▸ Data section
——————

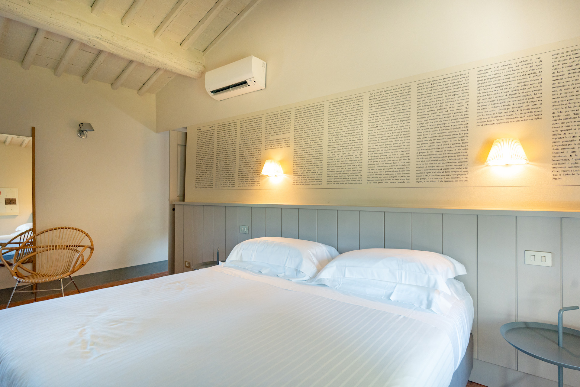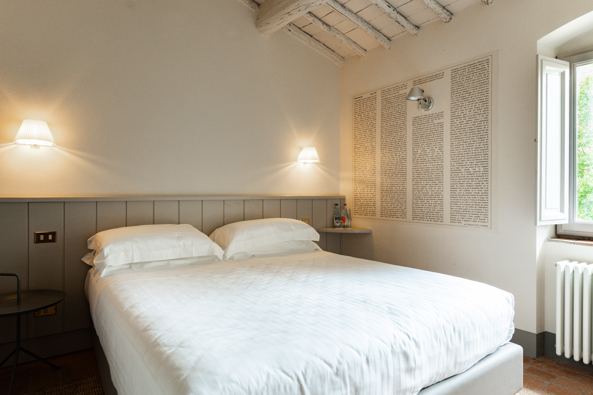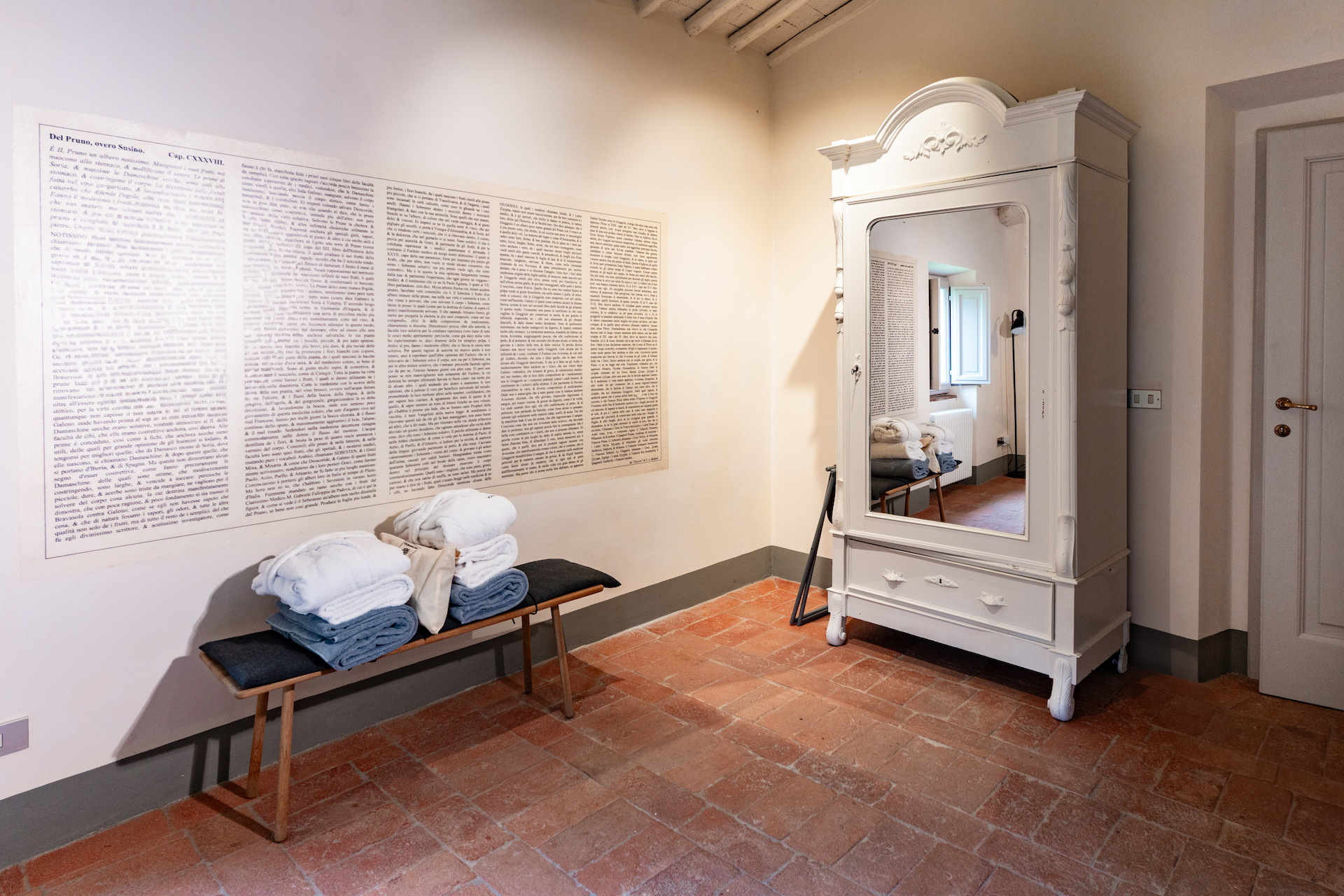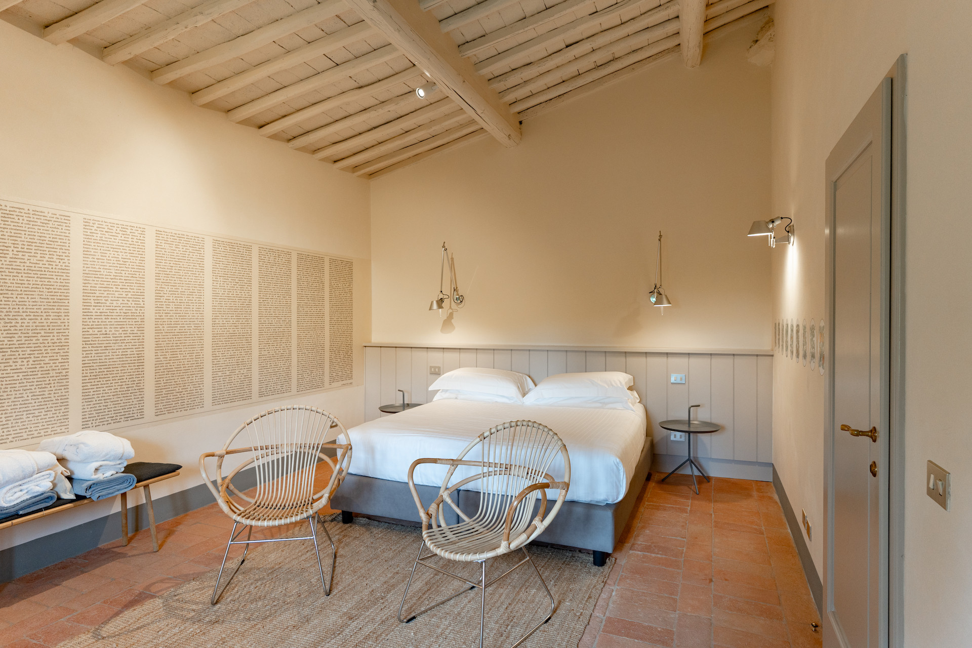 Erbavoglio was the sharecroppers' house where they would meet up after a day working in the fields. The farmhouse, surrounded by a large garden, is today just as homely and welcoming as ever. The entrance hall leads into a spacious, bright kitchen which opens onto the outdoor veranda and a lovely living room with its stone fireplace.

——————

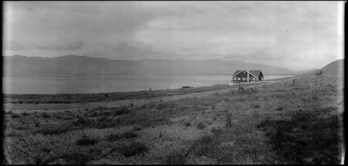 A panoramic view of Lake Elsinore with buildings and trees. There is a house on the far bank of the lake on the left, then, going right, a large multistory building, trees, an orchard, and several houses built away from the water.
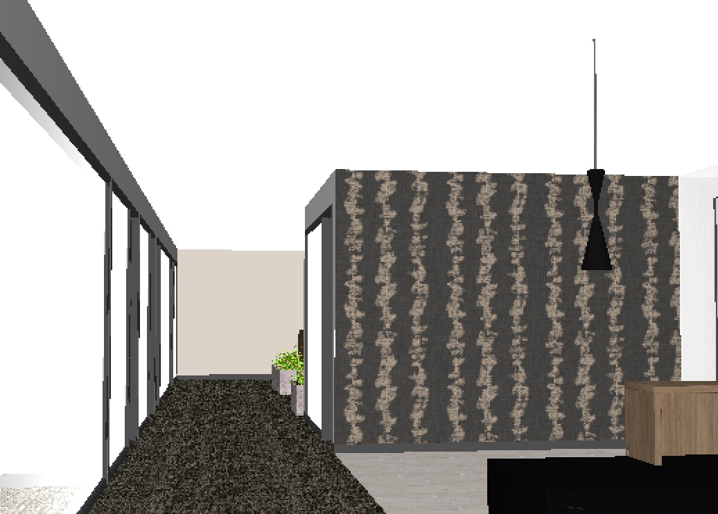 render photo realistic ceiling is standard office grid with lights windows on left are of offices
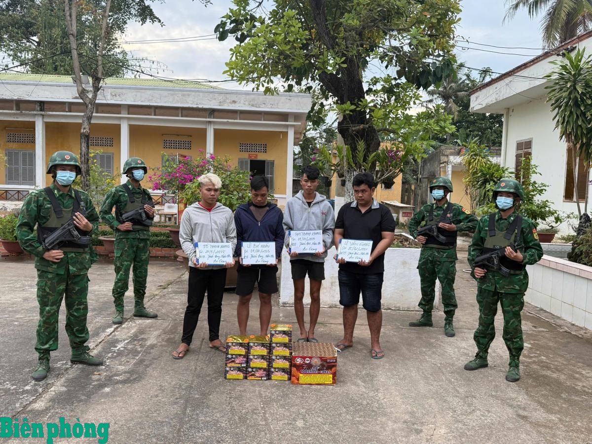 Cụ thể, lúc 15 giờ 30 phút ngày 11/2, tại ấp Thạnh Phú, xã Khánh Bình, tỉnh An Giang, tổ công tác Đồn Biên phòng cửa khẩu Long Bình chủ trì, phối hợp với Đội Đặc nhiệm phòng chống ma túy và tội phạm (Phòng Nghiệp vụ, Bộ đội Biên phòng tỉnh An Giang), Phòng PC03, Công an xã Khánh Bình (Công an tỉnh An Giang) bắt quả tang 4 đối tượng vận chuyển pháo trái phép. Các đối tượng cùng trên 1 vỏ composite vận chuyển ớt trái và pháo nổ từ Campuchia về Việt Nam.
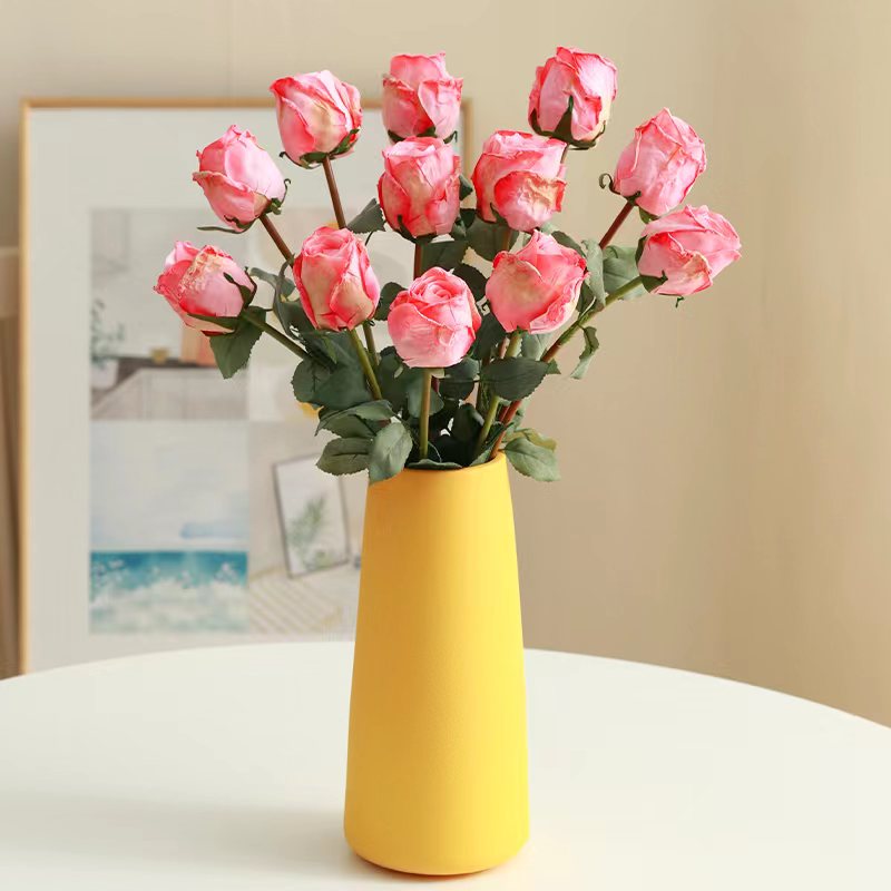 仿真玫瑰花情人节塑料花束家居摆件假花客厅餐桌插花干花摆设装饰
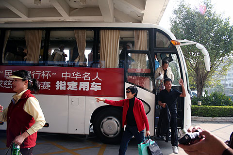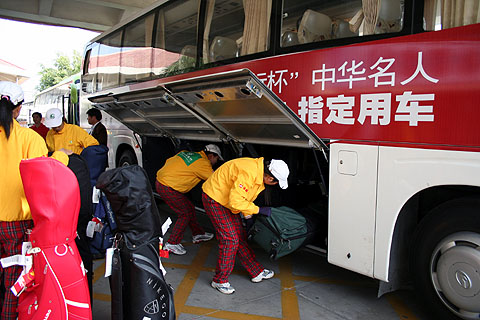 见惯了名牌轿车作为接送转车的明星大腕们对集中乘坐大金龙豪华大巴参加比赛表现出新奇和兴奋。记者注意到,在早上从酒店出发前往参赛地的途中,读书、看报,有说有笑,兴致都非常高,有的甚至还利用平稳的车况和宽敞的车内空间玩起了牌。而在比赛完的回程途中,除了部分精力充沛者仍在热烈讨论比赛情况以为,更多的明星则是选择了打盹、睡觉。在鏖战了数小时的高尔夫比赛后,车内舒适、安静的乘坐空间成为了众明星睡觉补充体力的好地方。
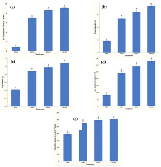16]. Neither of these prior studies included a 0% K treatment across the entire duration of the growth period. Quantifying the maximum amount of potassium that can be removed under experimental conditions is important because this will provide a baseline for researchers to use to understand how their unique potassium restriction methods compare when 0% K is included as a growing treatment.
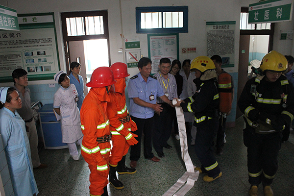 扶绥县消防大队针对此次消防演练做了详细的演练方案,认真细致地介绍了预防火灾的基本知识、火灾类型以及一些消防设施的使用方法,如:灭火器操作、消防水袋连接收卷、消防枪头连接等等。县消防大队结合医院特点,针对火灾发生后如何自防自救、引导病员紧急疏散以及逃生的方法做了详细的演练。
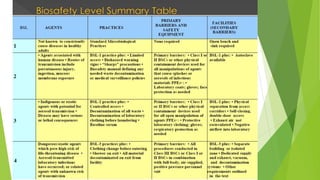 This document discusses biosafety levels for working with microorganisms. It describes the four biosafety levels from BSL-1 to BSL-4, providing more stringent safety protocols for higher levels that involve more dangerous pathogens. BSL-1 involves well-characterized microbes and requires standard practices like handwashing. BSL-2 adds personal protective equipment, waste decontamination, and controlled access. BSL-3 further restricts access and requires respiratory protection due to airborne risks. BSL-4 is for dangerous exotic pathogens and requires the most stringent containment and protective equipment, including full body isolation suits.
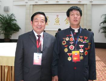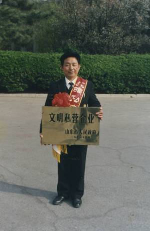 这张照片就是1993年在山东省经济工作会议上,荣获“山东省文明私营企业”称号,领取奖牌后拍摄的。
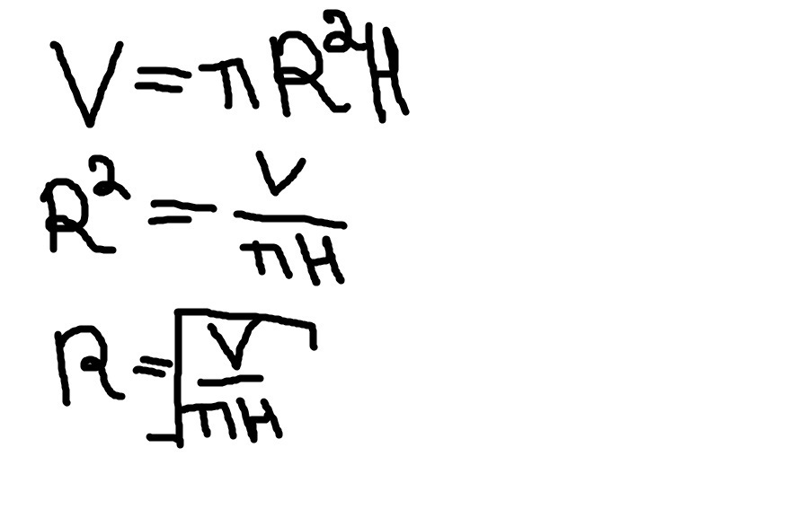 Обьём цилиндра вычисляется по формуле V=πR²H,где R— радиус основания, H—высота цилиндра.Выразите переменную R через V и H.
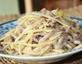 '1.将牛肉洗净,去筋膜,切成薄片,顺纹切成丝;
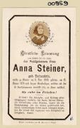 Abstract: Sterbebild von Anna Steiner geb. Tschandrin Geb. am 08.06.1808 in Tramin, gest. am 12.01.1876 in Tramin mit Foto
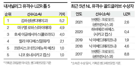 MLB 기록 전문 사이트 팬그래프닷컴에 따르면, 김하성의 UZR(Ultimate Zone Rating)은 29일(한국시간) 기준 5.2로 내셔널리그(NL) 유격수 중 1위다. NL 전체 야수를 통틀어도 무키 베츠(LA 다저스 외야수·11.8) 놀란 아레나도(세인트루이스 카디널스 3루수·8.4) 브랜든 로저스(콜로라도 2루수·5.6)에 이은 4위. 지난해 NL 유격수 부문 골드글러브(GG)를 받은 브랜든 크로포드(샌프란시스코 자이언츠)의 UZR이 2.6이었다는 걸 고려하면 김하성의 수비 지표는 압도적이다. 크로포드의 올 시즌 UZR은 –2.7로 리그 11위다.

——————

▸ Task brief
Above are some records. Output exactly the lines from the one that contains "Обьём цилиндра вычисляется" to the one that contains "MLB 기록 전문 사이트", keeping both, and omit the pictures.

▸ Task result
 Обьём цилиндра вычисляется по формуле V=πR²H,где R— радиус основания, H—высота цилиндра.Выразите переменную R через V и H.
 '1.将牛肉洗净,去筋膜,切成薄片,顺纹切成丝;
 Abstract: Sterbebild von Anna Steiner geb. Tschandrin Geb. am 08.06.1808 in Tramin, gest. am 12.01.1876 in Tramin mit Foto
 MLB 기록 전문 사이트 팬그래프닷컴에 따르면, 김하성의 UZR(Ultimate Zone Rating)은 29일(한국시간) 기준 5.2로 내셔널리그(NL) 유격수 중 1위다. NL 전체 야수를 통틀어도 무키 베츠(LA 다저스 외야수·11.8) 놀란 아레나도(세인트루이스 카디널스 3루수·8.4) 브랜든 로저스(콜로라도 2루수·5.6)에 이은 4위. 지난해 NL 유격수 부문 골드글러브(GG)를 받은 브랜든 크로포드(샌프란시스코 자이언츠)의 UZR이 2.6이었다는 걸 고려하면 김하성의 수비 지표는 압도적이다. 크로포드의 올 시즌 UZR은 –2.7로 리그 11위다.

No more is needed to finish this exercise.